I need my faithful Honda Element to hold up until we can buy me a new car, which will be well over a year. It’s almost like I pray every time turn I turn the key in the ignition, “Please don’t let this be the day it doesn’t start…”

With us being Dave Ramsey followers, I would feel horrible about myself if I had to finance a new vehicle. It goes against who I am as a person.

So here’s who I am as a person: I now proudly drive while listening to a busted iPod that has a battery that dies by the end of my 2 hour round trip commute, even though it’s fully charged when I leave the house.

Anything from before 2007 is on there, though.

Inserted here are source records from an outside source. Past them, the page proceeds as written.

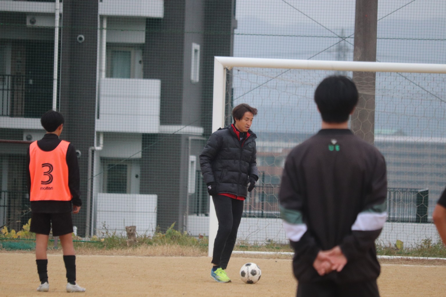 金崎夢生選手が実践形式で学生たちに指導を行いました。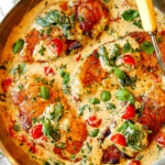 This Chicken Florentine is a comforting, quick and easy one-pot wonder that the whole family will be raving about. It may look impressive and taste phenomenal but it’s deceptively simple to make with pantry friendly ingredients all in one pan. To make this Chicken Florentine recipe, lightly floured chicken cutlets are seared until golden then nestled in a luscious Parmesan cream sauce boasting baby spinach and bursting tomatoes. The sauce is lightened up by using chicken broth and cornstarch along with the heavy cream so you can give into your desires to lick you plate. Serve this Chicken Florentine over pasta, mashed potatoes or rice with a big green salad and breadsticks and you have a spectacular, simple, saucy, repeat favorite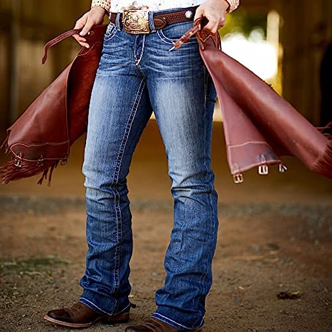 • MADE FOR COMFORT: These denim boot cut jeans are rider tested and thoughtfully engineered. The slim fitting style through the thigh features a boot cut design and performance stretch denim for added comfort that holds its shape and flatters yours.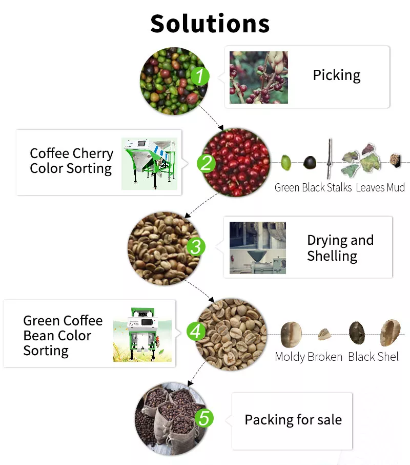 Coffee sorting machine can separate the discolured coffee beans and foreign materials from the good ones.The sorting machine is suitable for robusta coffee bean,arabic coffee bean ,green coffee et .We have built a full range of color sorters for the processing of whole coffee beans.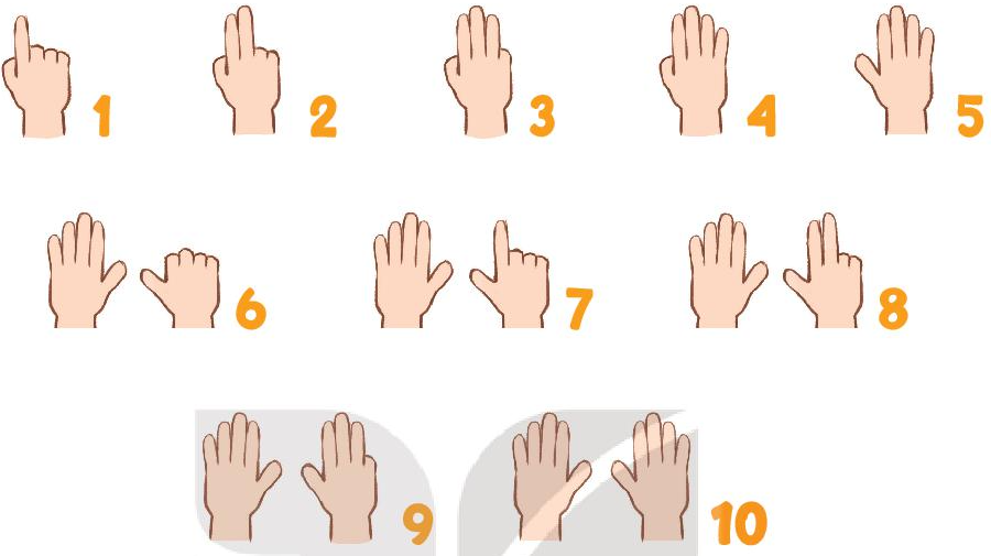 Đếm từ số 1 đến số 10 và giơ số ngón tay tương ứng với số đang đọc.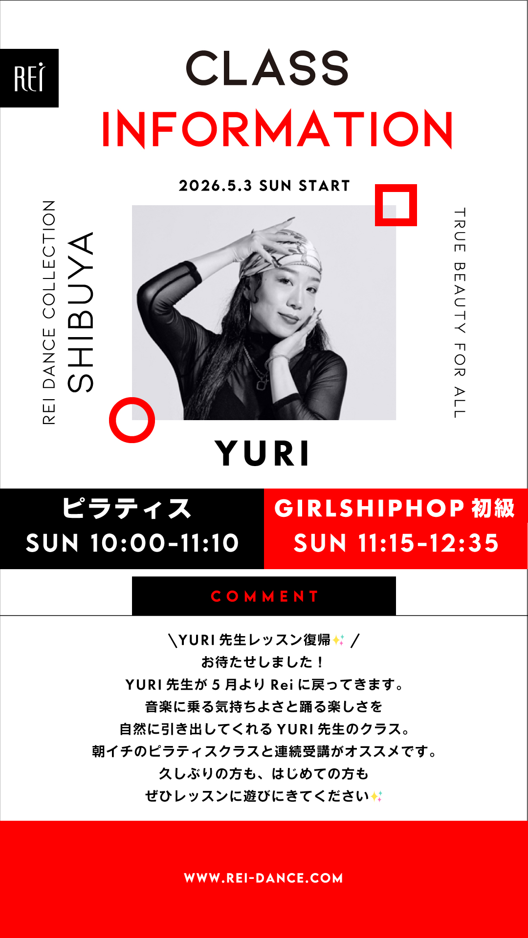 ▼(日)11:15-12:35 YURI/GIRLSHIPHOP初級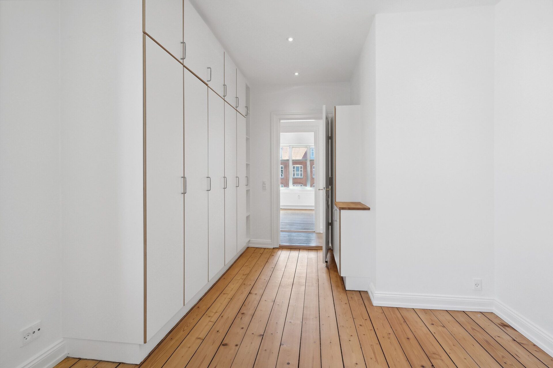 Soveværelset har indbygget skydelågeskab med god opbevaringsplads.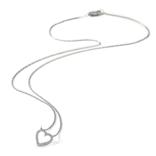 Collana Oro bianco 750/18 carati Diamante bianco, 0.056 ct, 27 pietra Cuore 42 cm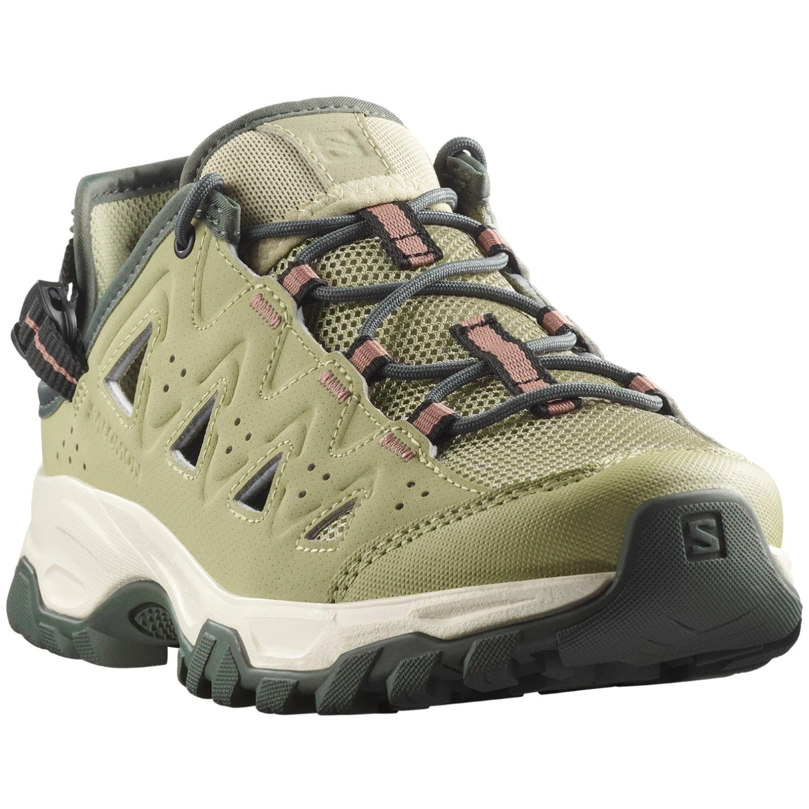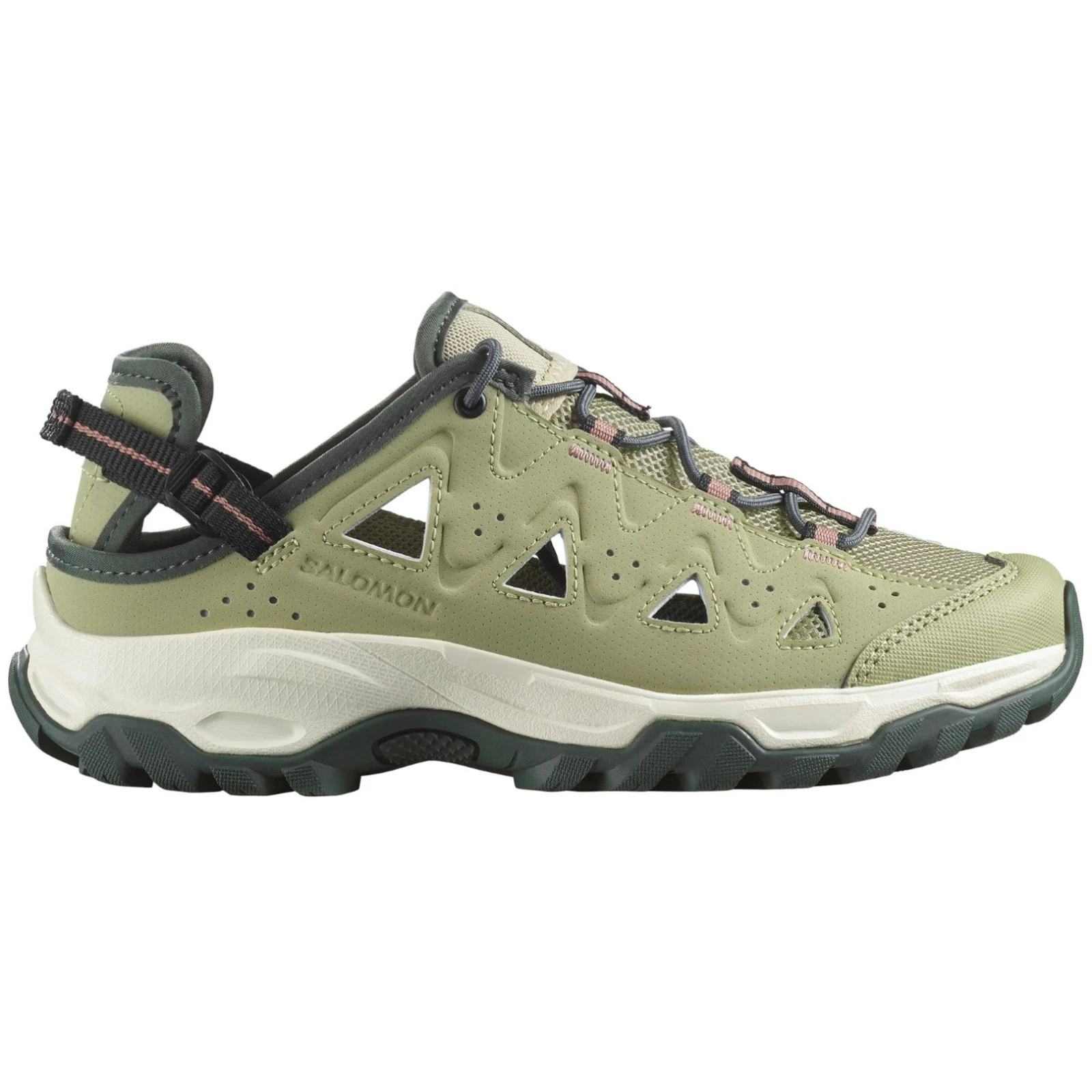 Loszapatos de mujer Alhama W de Salomon tienen un perfil bajo y un tacón caído. El calzado proporciona una gran transpirabilidad y comodidad, pero también protección y una estabilidad adecuada. Son ideales para viajes al campo y para vestir de sport en la ciudad, también son adecuados para el agua. La parte superior de la zapatilla es de material sintético con tecnología Sensifit, que garantiza comodidad y estabilidad envolviendo el pie.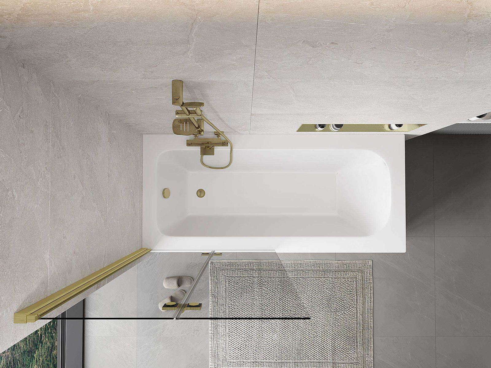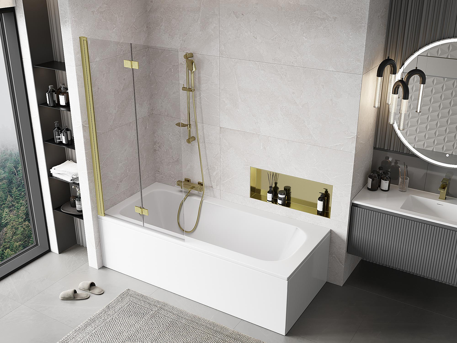 Screen made of two wings with the possibility of folding. This solution allows for more space-saving in the bathroom and enables free use of the remaining space when not using the bathing area.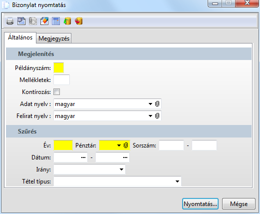 (Nincs, Érték, Összes) Pénztárkód = [Érték] esetén a megadott pénztárkódra lehet csak lekérdezni. |

Time to get reacquainted with The Wallflowers and Sister Hazel.

This is 36.

This is 36: My Wife and I are Rarely Seen Together in Public, Despite Being Happily Married

Saturday afternoon was a peculiar occurrence: Had you been invited to Zeke’s birthday party in Spring Hill, Tennessee, then you would have seen both me and my wife there together, at the same time. That doesn’t happen often!

This is the part of the blog post where you either A) instantly identify with this concept, or B) are very confused right now as to why seeing a happily married couple together in public is an odd phenomenon.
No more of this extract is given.